* [Activity]:
What the response needs is every record, repeated verbatim, and no images.

◇ ◇ ◇ ◇ ◇ ◇ ◇

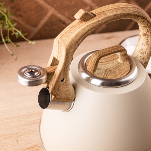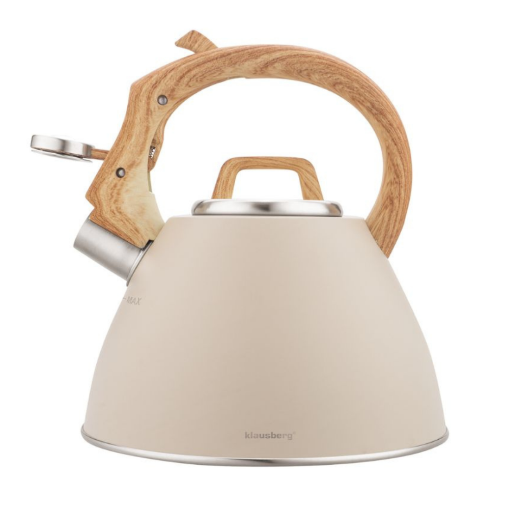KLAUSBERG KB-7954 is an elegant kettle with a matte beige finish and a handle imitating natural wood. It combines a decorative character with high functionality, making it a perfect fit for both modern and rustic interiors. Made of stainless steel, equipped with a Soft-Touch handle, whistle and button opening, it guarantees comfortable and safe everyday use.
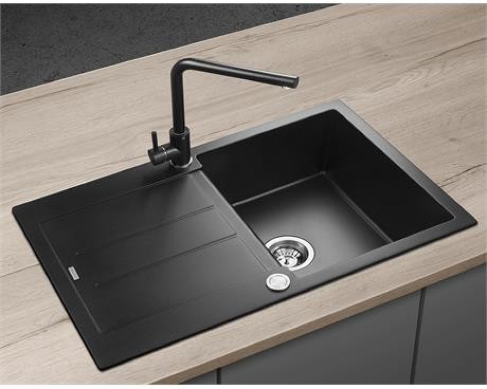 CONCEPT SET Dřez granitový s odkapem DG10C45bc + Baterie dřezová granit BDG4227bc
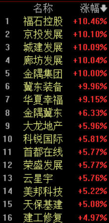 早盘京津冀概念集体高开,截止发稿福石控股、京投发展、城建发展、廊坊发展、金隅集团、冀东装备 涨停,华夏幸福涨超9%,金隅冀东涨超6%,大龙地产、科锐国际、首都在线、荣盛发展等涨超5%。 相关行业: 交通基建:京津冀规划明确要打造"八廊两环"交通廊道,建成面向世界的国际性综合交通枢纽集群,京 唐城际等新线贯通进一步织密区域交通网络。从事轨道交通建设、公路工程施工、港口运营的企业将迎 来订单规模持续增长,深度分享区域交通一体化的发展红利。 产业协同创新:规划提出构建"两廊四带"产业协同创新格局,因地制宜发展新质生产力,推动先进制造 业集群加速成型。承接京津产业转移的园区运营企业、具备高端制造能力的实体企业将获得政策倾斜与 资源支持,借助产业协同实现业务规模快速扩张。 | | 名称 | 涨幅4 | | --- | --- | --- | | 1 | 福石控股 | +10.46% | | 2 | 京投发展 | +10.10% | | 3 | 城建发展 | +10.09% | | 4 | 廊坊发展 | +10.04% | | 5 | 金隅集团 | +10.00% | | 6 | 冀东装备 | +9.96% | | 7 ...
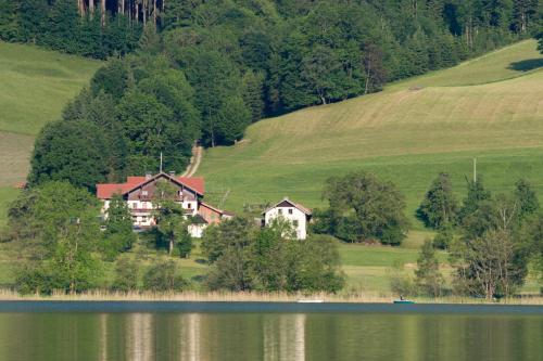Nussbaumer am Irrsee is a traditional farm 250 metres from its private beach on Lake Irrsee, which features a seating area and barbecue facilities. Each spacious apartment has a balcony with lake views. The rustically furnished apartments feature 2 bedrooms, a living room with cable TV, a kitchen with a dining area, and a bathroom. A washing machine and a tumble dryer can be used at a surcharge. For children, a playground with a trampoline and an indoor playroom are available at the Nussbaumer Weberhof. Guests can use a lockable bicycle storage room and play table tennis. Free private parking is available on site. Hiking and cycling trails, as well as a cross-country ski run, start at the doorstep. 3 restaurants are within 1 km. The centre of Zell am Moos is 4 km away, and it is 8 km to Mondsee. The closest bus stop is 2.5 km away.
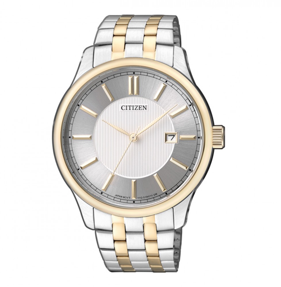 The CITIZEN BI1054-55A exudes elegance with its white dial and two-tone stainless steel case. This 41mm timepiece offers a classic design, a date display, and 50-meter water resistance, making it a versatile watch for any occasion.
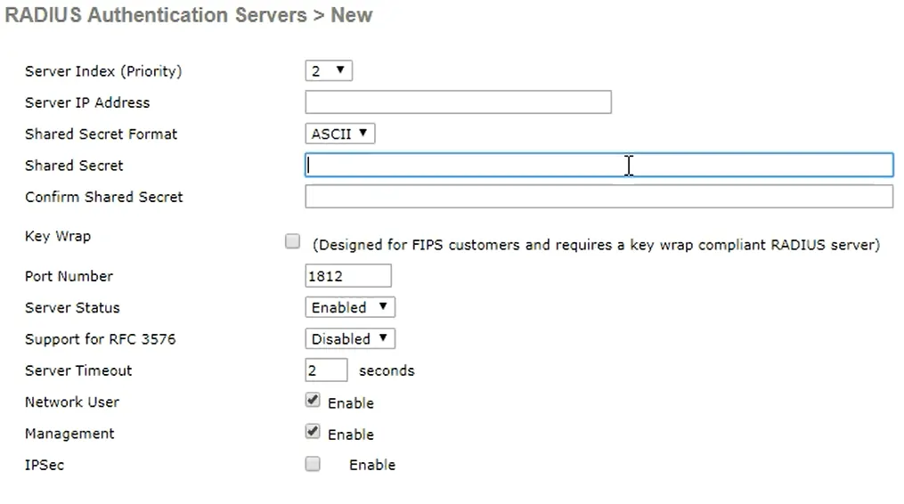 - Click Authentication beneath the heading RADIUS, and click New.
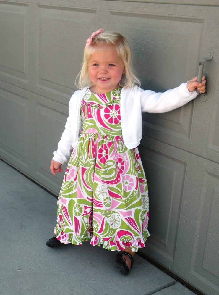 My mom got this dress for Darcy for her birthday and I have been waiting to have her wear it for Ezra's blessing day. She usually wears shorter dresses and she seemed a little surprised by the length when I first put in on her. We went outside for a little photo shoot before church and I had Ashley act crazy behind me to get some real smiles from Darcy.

◇ ◇ ◇ ◇ ◇ ◇ ◇

* [Written solution]:
KLAUSBERG KB-7954 is an elegant kettle with a matte beige finish and a handle imitating natural wood. It combines a decorative character with high functionality, making it a perfect fit for both modern and rustic interiors. Made of stainless steel, equipped with a Soft-Touch handle, whistle and button opening, it guarantees comfortable and safe everyday use.
 CONCEPT SET Dřez granitový s odkapem DG10C45bc + Baterie dřezová granit BDG4227bc
 早盘京津冀概念集体高开,截止发稿福石控股、京投发展、城建发展、廊坊发展、金隅集团、冀东装备 涨停,华夏幸福涨超9%,金隅冀东涨超6%,大龙地产、科锐国际、首都在线、荣盛发展等涨超5%。 相关行业: 交通基建:京津冀规划明确要打造"八廊两环"交通廊道,建成面向世界的国际性综合交通枢纽集群,京 唐城际等新线贯通进一步织密区域交通网络。从事轨道交通建设、公路工程施工、港口运营的企业将迎 来订单规模持续增长,深度分享区域交通一体化的发展红利。 产业协同创新:规划提出构建"两廊四带"产业协同创新格局,因地制宜发展新质生产力,推动先进制造 业集群加速成型。承接京津产业转移的园区运营企业、具备高端制造能力的实体企业将获得政策倾斜与 资源支持,借助产业协同实现业务规模快速扩张。 | | 名称 | 涨幅4 | | --- | --- | --- | | 1 | 福石控股 | +10.46% | | 2 | 京投发展 | +10.10% | | 3 | 城建发展 | +10.09% | | 4 | 廊坊发展 | +10.04% | | 5 | 金隅集团 | +10.00% | | 6 | 冀东装备 | +9.96% | | 7 ...
Nussbaumer am Irrsee is a traditional farm 250 metres from its private beach on Lake Irrsee, which features a seating area and barbecue facilities. Each spacious apartment has a balcony with lake views. The rustically furnished apartments feature 2 bedrooms, a living room with cable TV, a kitchen with a dining area, and a bathroom. A washing machine and a tumble dryer can be used at a surcharge. For children, a playground with a trampoline and an indoor playroom are available at the Nussbaumer Weberhof. Guests can use a lockable bicycle storage room and play table tennis. Free private parking is available on site. Hiking and cycling trails, as well as a cross-country ski run, start at the doorstep. 3 restaurants are within 1 km. The centre of Zell am Moos is 4 km away, and it is 8 km to Mondsee. The closest bus stop is 2.5 km away.
 The CITIZEN BI1054-55A exudes elegance with its white dial and two-tone stainless steel case. This 41mm timepiece offers a classic design, a date display, and 50-meter water resistance, making it a versatile watch for any occasion.
 - Click Authentication beneath the heading RADIUS, and click New.
 My mom got this dress for Darcy for her birthday and I have been waiting to have her wear it for Ezra's blessing day. She usually wears shorter dresses and she seemed a little surprised by the length when I first put in on her. We went outside for a little photo shoot before church and I had Ashley act crazy behind me to get some real smiles from Darcy.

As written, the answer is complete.